Since June 2023, Aditi has served as head of Fashion x Innovation Strategy and Partnerships at Meta, and in that time, her remit has been largely, though not exclusively, wearable technology. Think Ray-Ban and Oakley Meta AI glasses, Meta Quest (formerly “Oculus”) headsets, and things that—as far as you know—only exist in the movies.
“It’s a chance to think beyond software,” Aditi says of wearable tech. “It’s interesting because it feels so fashion-related, and ties together a lot of my interests in a new way.”

Aditi’s photo in her Grade 5 yearbook, 1997–98. In the yearbook, she writes, “I enjoy playing the piano, and I can’t say if this will be true, but right now I would like to be a pianist.”
Ever since her time at Apple, Aditi has worn an Apple Watch, and occasionally tires of feeling like she can’t swap it out for a classic analog watch every now and then. “I think a lot about how wearables make you consider your personal expression and style,” Aditi muses. “What would get somebody to say, ‘I’m going to commit to wearing this day in and day out—for years’?”
Today’s wearable tech market, while relatively young, is saturated with chic accessories to track every last life metric. “All these devices are good; each is better at something slightly different,” Aditi says of today’s well-known wearables. “But you do ask yourself, ‘Am I really going to add on the Oura for my sleep, and the Apple Watch for my steps, and the Whoop for my energy?’”
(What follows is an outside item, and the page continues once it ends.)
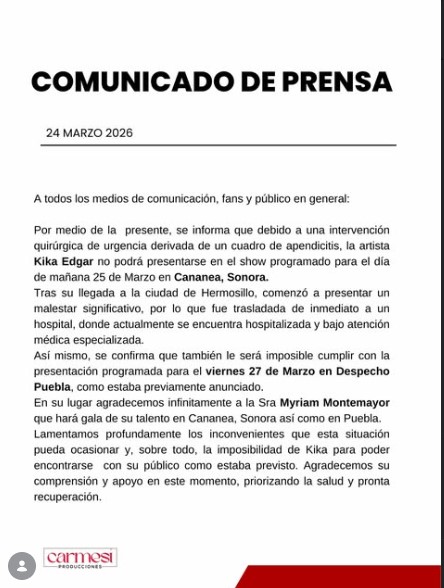 Kika Edgar fue hospitalizada de emergencia en Sonora tras presentar complicaciones de salud, informaron familiares de la actriz.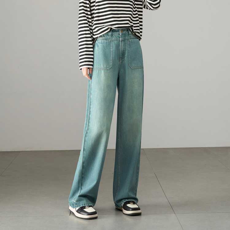 娅丽达 复古港风高腰牛仔直筒裤女宽松显瘦阔腿拖地裤女长裤2026春款

Meta, for now, is going big on the visual, with its multiple lines of popular brand-name glasses. The Meta/Ray-Ban collaboration has “taken off in a way that I don’t think anyone expected, which is why it’s always sold out,” Aditi says. “I think a big reason for that is that it’s an opportunity for people to get a little more choosy on the style front.” She suggests that Meta’s embrace of brand partnerships has unlocked new thinking within the industry: “Maybe one way to do this is in partnership with brands, by tapping into some of their cachet, and the loyalty that they have built up over the years when it comes to style.”
Looking through her (metaphorical) Meta-tinted glasses at the ever-widening world of wearables, Aditi sees profound untapped potential—which she finds quite fun. “It’s nice to work on something that still feels early-stage.”